A 100-kg block is pushed up a 30 degree incilne that is 10m long. If the coefficient of friction betweeen the block and the incline is 0.1, what is the constant force parallel to the incline that is required to move the block from rest at the bottom of the incline to the top in 3 seconds?

Okay; i am attempting to find Fn by using mgcos(theta)=(100)(9.81)cos(30)= 849.6N. Then i do f=(coeff. friction)(Fn)=(.1)(849.6)=84.95N.
Where am i going wrong here? I don't think i fully understand this problem at all. Please help me.

Answer 1

You need to find out what the acceleration of the block is along the plane that would make it take 3 seconds to travel 10m.

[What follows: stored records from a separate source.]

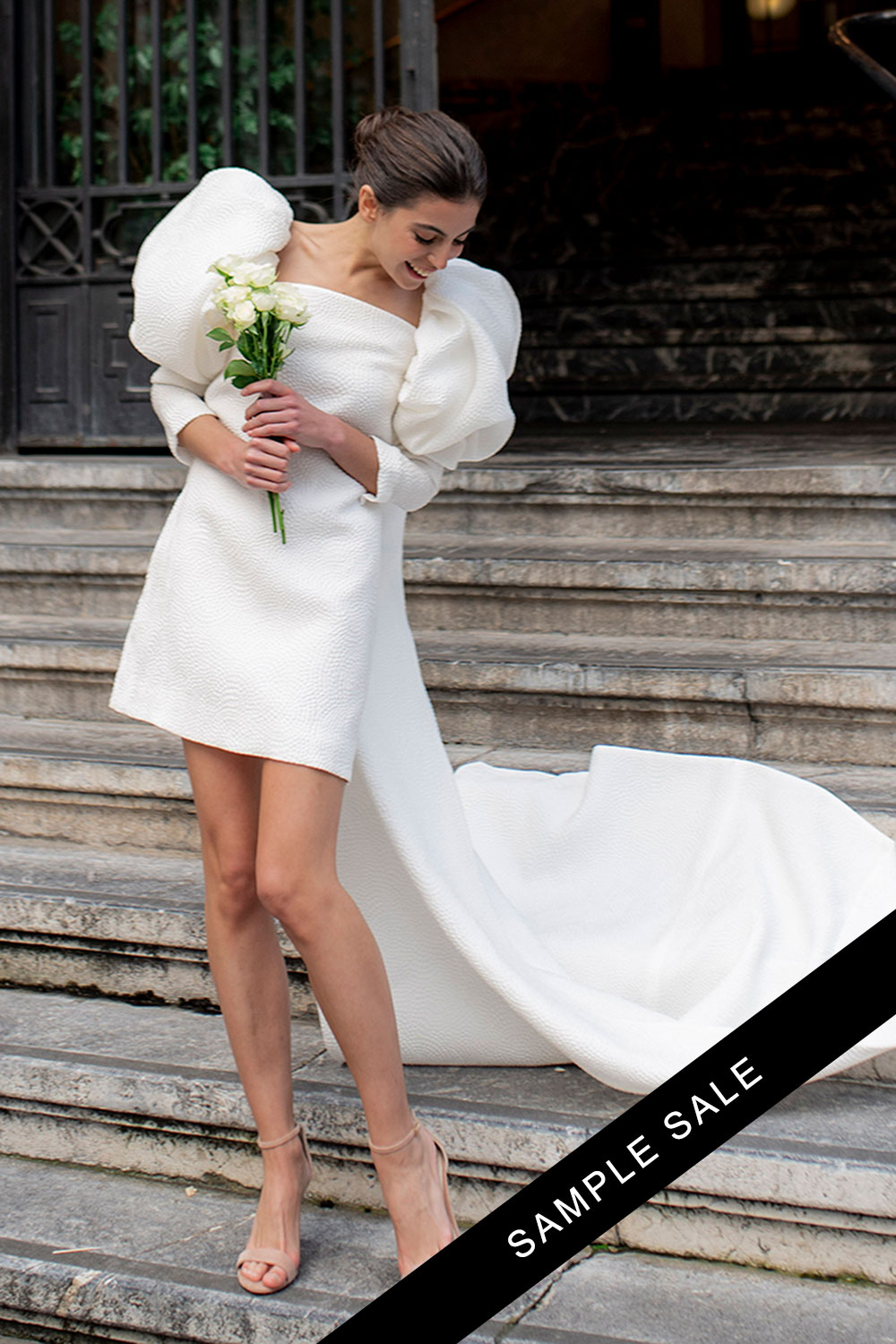 A striking showstopper of a dress made from exquisite textured silk. With elbow length sleeves with voluminous puff shoulders, the dress has a short straight mini skirt, with a striking cape with sweeping train to the back. Ideal for fashionista brides who want to make a statement with their bridal outfit, or show off an incredible pair of shoes!
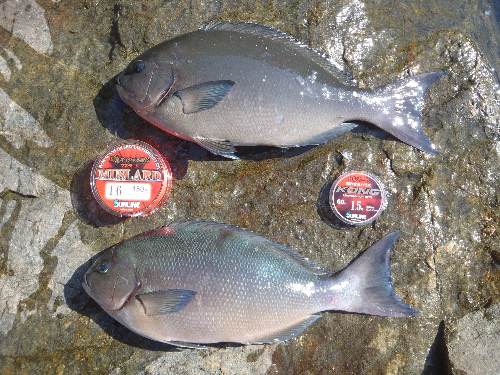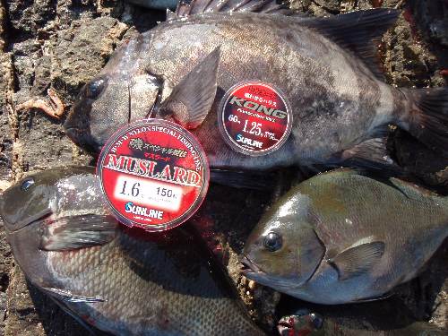 の中、良型のクチブトやオナガ、そしてイシダイの引きを堪能し、道糸とハリスの操作性や強度の実証
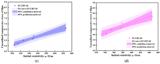 Relationship between UCS and IR. (a) UCS and IR fit curve of FCCR1-28; (b) UCS and IR fit curve of FCCR1-60; (c) UCS and IR fit curve of FCCR5-28; (d) UCS and IR fit curve of FCCR5-60.

distance = a*t^2/2 = 10meters, plug in 3sec for time and we solve for a, which is 2.22meter/sec^2

ma = F - 0.1*mgCos(30)-mgSin(30)

100Kg*2.22m/sec^2 = F - 574.87
F = 796.87 newtons

please check for errors

Answer 2

Step 1. Solve for the acceleration using the formula,
s=ut +1/2at^2, where s is the distance travelled, u is the initial velocity (in this case u=0 because
the block starts from rest),
a is the acceleration in m/s/s, and t is the time in sec.

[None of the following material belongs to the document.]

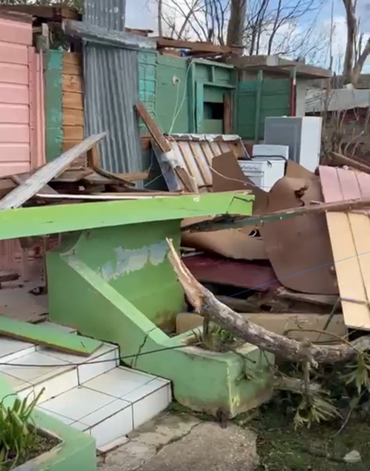 During the storm, a large mango tree fell onto the front and midsection of her house, crushing and flattening most of the structure. What was once a sturdy four-bedroom family home is now unlivable with the roof gone, walls destroyed, and all personal belongings, clothing, bedding, and appliances lost.
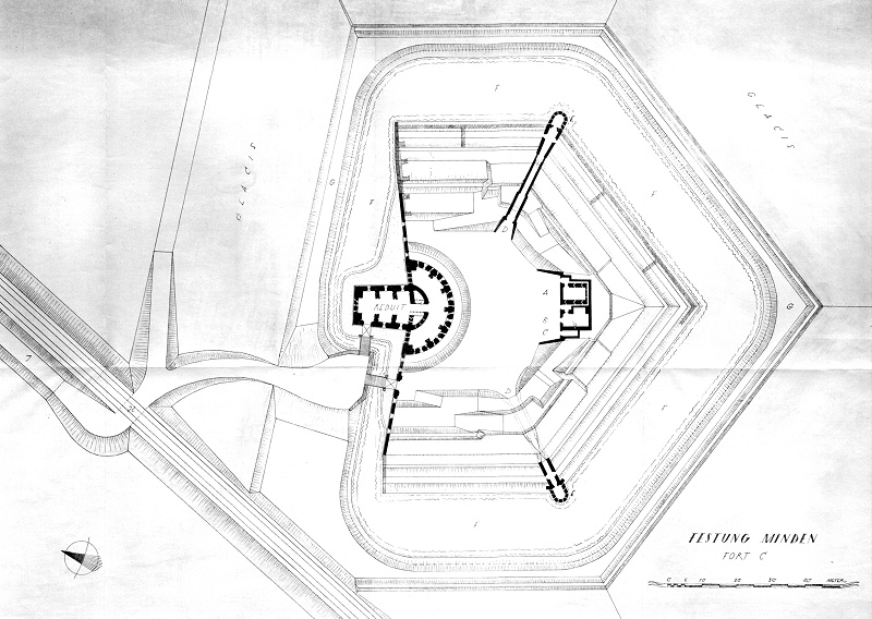 Mit der Fertigstellung der Köln-Mindener Eisenbahnlinie und der Errichtung des Mindener Bahnhofs im Jahre 1847 entstand für das preußische Militär das Problem, dass sich nun der wichtige Bahnhof außerhalb der Stadtbefestigungsanlagen befand. Der Bahnhof selbst, vor den Toren der Stadt gelegen, musste unbedingt befestigt werden. So entstand die Bahnhofsfestung, die zum Schutz gegen das benachbarte nicht preußische Königreich Hannover gebaut wurde. Mittelpunkt dieser Festung war der Bahnhof, in dem die Köln-Mindener Eisenbahnstrecke endete und die Bahnstrecke Minden-Hannover begann. Da jede Bahnstrecke von einer anderen Bahngesellschaft war, mussten die Reisenden im Bahnhof Zoll bezahlen. Zur Weser hin war die Festung durch die Flankenbatterie geschützt und nach Norden durch das Fort A. Im Osten war es vom Fort B gesichert, die beiden Forts schützen das zwischen ihnen liegende Magdeburger Eisenbahntor. Unterhalb des Fort B lag das Berliner Tor. Nach Süden hin lag das Kölner Tor, das durch das im Süden liegende Fort C geschützt wurde. Die Forts A und B waren direkt in die Festungsmauern eingebaut.

Now substitute the given values:

10=(0)3+1/2a(3)^2
10=0+4.5a
a=10/4.5
=2.22m/s/s

Step 2.

If the block were frictionless, then F=ma, but since friction acts on the block an added force has to be applied to overcome the force of friction which is given by the formula: f=uN, where f equals the force of friction in Newtons, u is the coefficient of friction, and N is the load acting perpendicular to the surface expressed in Newtons. Substituting the given values, we get:
F=100*2.22=222Newtons
f=0.1*(100*9.8*cos30)
=0.1(100*9.8*0.866)
=84.9Newtons
Add the two together,i.e. F+f=222+84.9=306.9Newtons

Answer 3

The calculation you have done tells you how much force is required just to overcome the friction (84.96 N).

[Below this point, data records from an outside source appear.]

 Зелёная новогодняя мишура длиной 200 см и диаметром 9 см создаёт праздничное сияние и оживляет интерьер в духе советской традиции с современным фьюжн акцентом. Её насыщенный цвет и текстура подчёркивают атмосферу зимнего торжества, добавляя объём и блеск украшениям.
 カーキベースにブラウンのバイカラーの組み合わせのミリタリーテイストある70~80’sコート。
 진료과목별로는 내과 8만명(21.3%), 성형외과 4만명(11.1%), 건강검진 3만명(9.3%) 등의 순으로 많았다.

Next you need to figure out how much force it will take to overcome the force of gravity. This is equal to the component of the gravitational force that is parallel to the incline.

Finally, you need to figure out how much force is required to accelerate the block from 0 m/s to 6.667 m/s in 3 seconds. Why 6.667 m/s? Because the average speed over the 10 m is 3.333 m/s (= 10 m / 3 sec). If it starts at 0 m/s and ends at 6.667 m/s, then it will average 3.333 m/s, as desired. You can use F = ma to solve for this third component of the required force; since you know m and a, you can simply multiply them to calculate F.

Answer 4

I think this is a power issue because you've been given a time. There is a constant resistance due to friction through the distance, and that's work done. Then there's the amount that the block has been raised, and that's energy supplied to the block. If you add that work and energy and divide it by the time involved, you should get the force you need. Feel free to b---h at me if I'm wrong because it's getting late.

Answer 5

Ff= 0.1(100)(9.80665)cos30
af = Ff/100 = 0.1*9.80665cos30 ("down" the incline)
s = s0 + v0t + (1/2)at^2, but a =(F-Ff)/m
s0 = 0, v0 = 0, so
s = (1/2)((F - mgsin30 - Ff)/m)t^2
F = (2ms/t^2) + Ff + mgsin30
F = (2ms/t^2) + μmgcos30 + mgsin30
F = m((2s/t^2) + g(μcos30 + sin30)
F = 100((2*10/3^2) + 9.80665(1+0.1√3)/2)
F = 100(20/9 + 9.80665(1+0.1√3)/2)
F = 797.4828 N
(84.928 N to overcome friction, 490.3325 N to overcome weight of the block acting "down" the plane, and 222.2222 N to privide acceleration)

Answer 6

Hey, I hope this helps. ur finding work is it?

W = Fd + μN
W = (100)(g)(10) + (0.1)(100)(g)(cos30)

u hv to add the normal working force and the extra force to overcome the friction. u didnt add them in ur attempt. but im not sure about the time issue because your question asked for force which has nothing to do with time. adding the time factor in would make it associated to finding power.